Qwen3.5-4B-Base Fine-Tuning with Unsloth¶
Parent: Module 5B - LLM Application Development / Phase 3 - Artificial Intelligence
Fine-tune
Qwen/Qwen3.5-4B-Basewith Unsloth, then measure the training, export, and inference costs that matter to an AI hardware engineer.
Layer mapping: L1 (Application & Framework) feeding L2/L3 (compiler/runtime) and L5/L6 (memory, precision, accelerator design).
Prerequisites: PyTorch basics, tokenizer/chat-template fluency, LoRA/PEFT concepts, and one CUDA GPU with enough memory for 16-bit LoRA.
Role targets: AI Engineer / LLM Fine-Tuning Engineer / ML Platform Engineer / AI Inference Engineer
Course output: a reproducible LoRA adapter, an evaluation report, an exported inference artifact, and a short hardware note explaining VRAM, throughput, and deployment tradeoffs.
Course Currency Note¶
Model IDs, Unsloth support, and memory requirements change quickly. As of May 2026, Unsloth documents Qwen/Qwen3.5-4B-Base as part of its Qwen3.5 support and recommends 16-bit LoRA rather than 4-bit QLoRA for this family. Check the current Qwen model card and Unsloth Qwen3.5 guide before copying commands into a real training job.

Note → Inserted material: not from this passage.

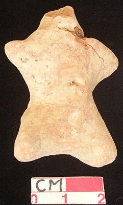 | Description / विवरण | A terracotta archaic human figurine with broken head, red, out stretched arms, pin hole navel, out stretched legs, treated with red wash, handmade. |

Why This Matters for AI Hardware¶
Fine-tuning is not just a model-quality exercise. It changes the deployment artifact your hardware must serve:
- Adapter vs merged weights: unmerged LoRA adds extra low-rank matmuls at inference; merged weights remove that overhead but create a new model artifact.
- Precision choices: 16-bit LoRA, post-training quantization, and GGUF/AWQ/GPTQ exports all change memory traffic and kernel choices.

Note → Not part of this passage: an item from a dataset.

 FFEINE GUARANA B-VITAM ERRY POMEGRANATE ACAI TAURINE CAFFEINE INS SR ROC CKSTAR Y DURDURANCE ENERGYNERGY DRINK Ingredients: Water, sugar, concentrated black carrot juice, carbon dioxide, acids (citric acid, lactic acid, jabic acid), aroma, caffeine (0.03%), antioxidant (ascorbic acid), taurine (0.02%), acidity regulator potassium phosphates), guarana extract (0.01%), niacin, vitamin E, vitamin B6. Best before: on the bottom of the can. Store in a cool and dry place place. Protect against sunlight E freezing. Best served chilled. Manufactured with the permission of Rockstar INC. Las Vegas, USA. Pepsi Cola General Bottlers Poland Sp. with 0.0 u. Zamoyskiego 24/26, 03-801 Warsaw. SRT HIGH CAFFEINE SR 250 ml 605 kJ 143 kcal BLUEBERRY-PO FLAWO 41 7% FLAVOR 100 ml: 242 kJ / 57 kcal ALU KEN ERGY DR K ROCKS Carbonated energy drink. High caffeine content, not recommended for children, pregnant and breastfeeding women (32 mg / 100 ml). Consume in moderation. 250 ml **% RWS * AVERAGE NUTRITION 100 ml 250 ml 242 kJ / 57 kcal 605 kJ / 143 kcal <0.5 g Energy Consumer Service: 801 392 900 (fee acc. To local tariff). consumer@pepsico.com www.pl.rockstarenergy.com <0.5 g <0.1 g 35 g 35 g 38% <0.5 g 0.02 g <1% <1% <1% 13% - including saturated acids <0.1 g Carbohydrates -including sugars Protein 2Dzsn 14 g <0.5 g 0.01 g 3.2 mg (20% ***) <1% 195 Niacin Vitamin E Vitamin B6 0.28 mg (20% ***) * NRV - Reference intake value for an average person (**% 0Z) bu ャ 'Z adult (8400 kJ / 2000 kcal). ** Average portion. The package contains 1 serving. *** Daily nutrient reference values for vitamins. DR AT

- Context length: SFT sequence length drives training activation memory, and evaluation context length drives KV-cache memory.
- Data shape: short instruction examples, long tool traces, and multimodal examples stress very different parts of the stack.
- Serving target: a fine-tuned 4B model can be trained on a workstation/cloud GPU, then quantized and profiled on Jetson or a custom runtime.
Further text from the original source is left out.